Natalie Kruse – Representations of Autism Spectrum Disorders

Why Fact is Fiction and Fiction Fact: Representations of Autism Spectrum Disorders in Life Writing Narratives and Life Science Debates

 

With the proliferation of life writing accounts written by people on the autism spectrum, the foundation of research centers, political and self-advocacy groups, as well as the publication of popular movies like “Rain Man,” autism has gained considerable prominence over time. Not only in the disciplines of medicine, the neurosciences, psychiatry, epigenetics, and sociology has it evolved into a hotly debated and extensively researched topic, but also in the field of literature Autism Spectrum Disorders have developed into a much discussed subject. And still — since its “discovery” in the 1940s by Leo Kanner and Hans Asperger — autism has been framed predominantly in a scientific context. Only recently, representations of autism have become an integral part of the literary landscape, to a degree to which its narratives have emerged into an independent sub-genre; stories about autism are no longer exclusively told by clinicians, scientists, or other professional experts, but by autistic people or their families themselves.

The genre of life writing is closely linked with larger ethical questions and implications with regard to authenticity and personhood. However, the ethical debate surrounding life writing narratives in terms of “authentic authorship” and credible self-representation becomes even more complicated when we engage with accounts written by and about people with autism. Given that many people on the autism spectrum often communicate in non-standard ways and may even lack the ability to narrate their own experiences, problems with regard to narration and narratability inevitably arise. How do we know if a life story told is true or not? Does it even matter? Who has the authority of defining what autism is and how to live with it? Is it the predominant explanatory models provided by biomedical, epigenetic and neuroscientific research or rather the stories of lived experience written by people who are either directly or indirectly affected by autism, such as parents and close relatives?
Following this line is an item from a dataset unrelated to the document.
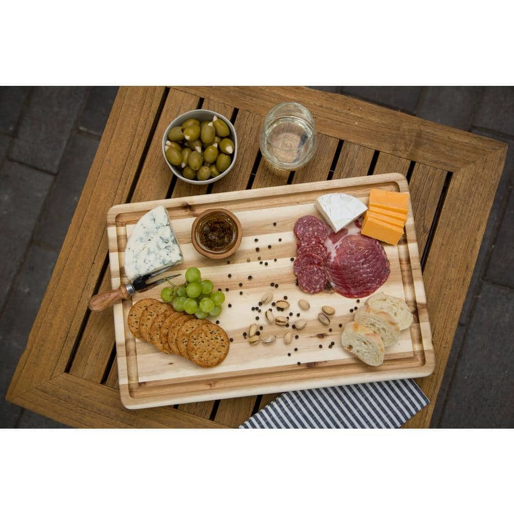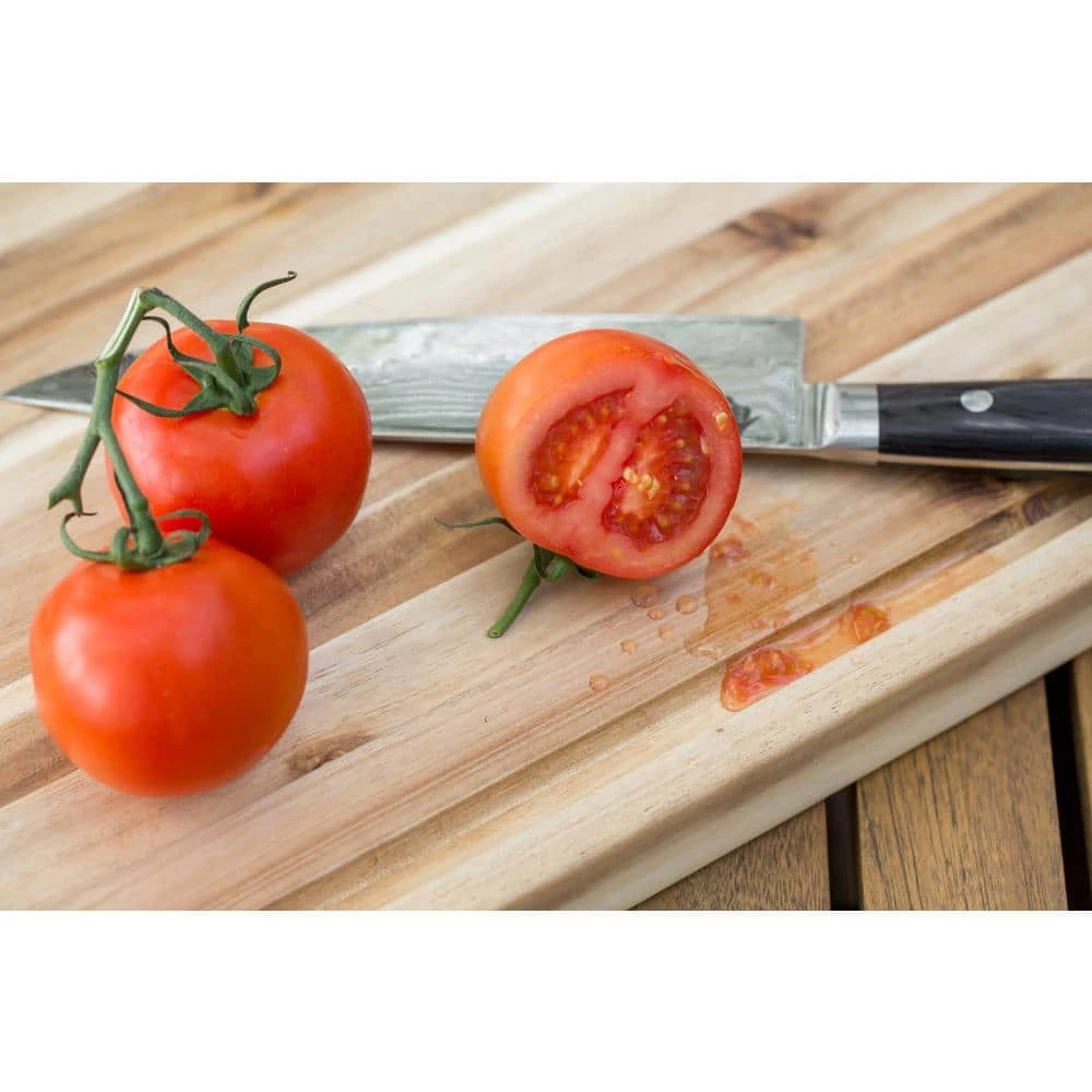 The rich beauty and design of the CenterPointe Acacia reversible chopping block is the perfect tool your kitchen demands. This heavy duty 18 in. long X 12 in. wide x 1.5 in. thick chopping block allows you to cut, chop, prep, and serve all on the same board. Clean-up is made simple with the built-in drip groove preventing liquids from dripping off the edge. Acacia wood acts a nurse crop for native forest regeneration by enriching and fertilizing the soil.

And, in what way do the fields of life writing and life sciences interact and inform each other, thereby functioning as producers of meaning and knowledge about autism? After all, there is a great number of different stakeholders that are involved in the controversy surrounding the different attitudes towards and concepts of autism, which raises the condition from an individual to a collective level of political and cultural relevance.
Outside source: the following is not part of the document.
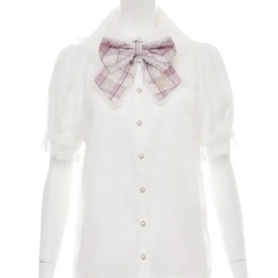 Secret Honey 프릴 리본 타이 부착 반팔 블라우스 핑크
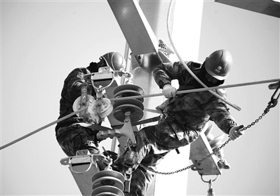 本报讯 1月16日,在位于渤海湾北部的茫茫滩涂上,国网山东昌邑市供电公司50多名职工,正在紧张有序地进行10千伏虾场2线线路架设工程。

In my dissertation I argue that narratives about autism are not usually understood with regard to their “facticity,” as it seems more accurate to explore them in a continuum between “fact” and “fiction.” I will demonstrate that the fields of life writing and the life sciences are mutually contingent on one another. Ultimately, it will be my goal to go beyond the existing fact and fiction debate and show how the narratives I investigate can possess a transformative significance as epistemic meeting grounds through which lived experience and a shared reality are (re)negotiated on both an individual and a collective level.